Please sit down. Thank you. I love you all. You’ll have to forgive me. I’ve lost my voice in screaming and lamentation this weekend. And I have lost my mind sometime earlier this year, so I have to read.

Thank you, Hollywood Foreign Press. Just to pick up on what Hugh Laurie said: You and all of us in this room really belong to the most vilified segments in American society right now. Think about it: Hollywood, foreigners and the press.

But who are we, and what is Hollywood anyway? It’s just a bunch of people from other places. I was born and raised and educated in the public schools of New Jersey. Viola was born in a sharecropper’s cabin in South Carolina, came up in Central Falls, Rhode Island; Sarah Paulson was born in Florida, raised by a single mom in Brooklyn.
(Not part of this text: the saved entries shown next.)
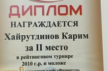 Обучающиеся Центра детского творчества, под руководством Пузырькова И.Р., успешно выступили в шахматном турнире, прошедшем в городе Казани. Хайрутдинов Карим и Камалов Расул заняли соответственно 2 и 3 места в возрастной группе 2010-2015 года рождения. Победители и призеры были награждены дипломами и ценными подарками.
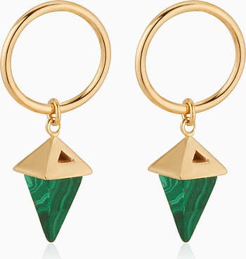 Elevate your style with our Prism Point Drop Earrings. Crafted from 14k solid gold, this pair features a unique look, with pointed gemstone accents in genuine black onyx or malachite With their modern design and timeless elegance, they're perfect for any occasion, adding a chic statement to your look.
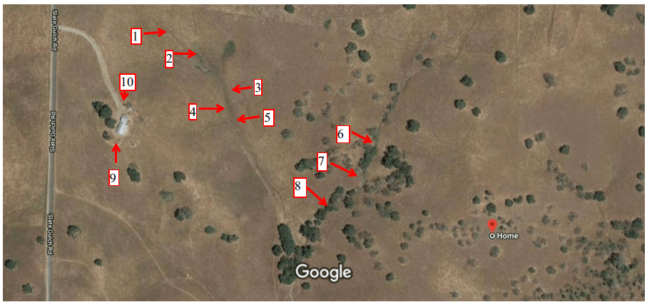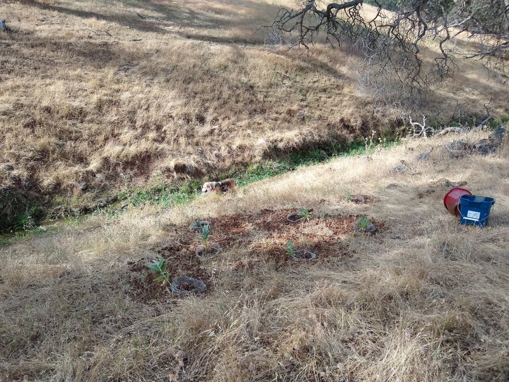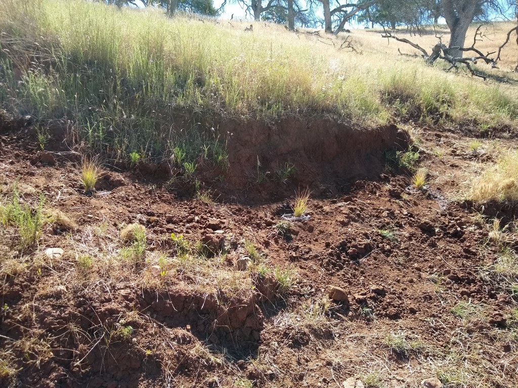 Mother Nature has been kind to me. When I’ve had to plant or water, she has kept the temperatures cool. Last week, I planted my first site along the Spring Creek. This makes two of ten sites completed for my CA RCD grant. I am making adjustments in each site to see if one thing works better than another. Site 8 is located near a creek with some shade for a portion of the day. The soils stay moist for longer. Contrast this to Site 10, near the original South Plot, which gets sun nearly all day and is located on the top of a hill. I will be monitoring which species perform the best in those conditions.

Sarah Jessica Parker was one of seven or eight kids in Ohio. Amy Adams was born in Vicenza, Italy. And Natalie Portman was born in Jerusalem. Where are their birth certificates? And the beautiful Ruth Negga was born in Addis Ababa, Ethiopia, raised in London — no, in Ireland I do believe, and she’s here nominated for playing a girl in small-town Virginia.

Ryan Gosling, like all of the nicest people, is Canadian, and Dev Patel was born in Kenya, raised in London, and is here playing an Indian raised in Tasmania. So Hollywood is crawling with outsiders and foreigners. And if we kick them all out you’ll have nothing to watch but football and mixed martial arts, which are not the arts.

They gave me three seconds to say this, so: An actor’s only job is to enter the lives of people who are different from us, and let you feel what that feels like. And there were many, many, many powerful performances this year that did exactly that. Breathtaking, compassionate work.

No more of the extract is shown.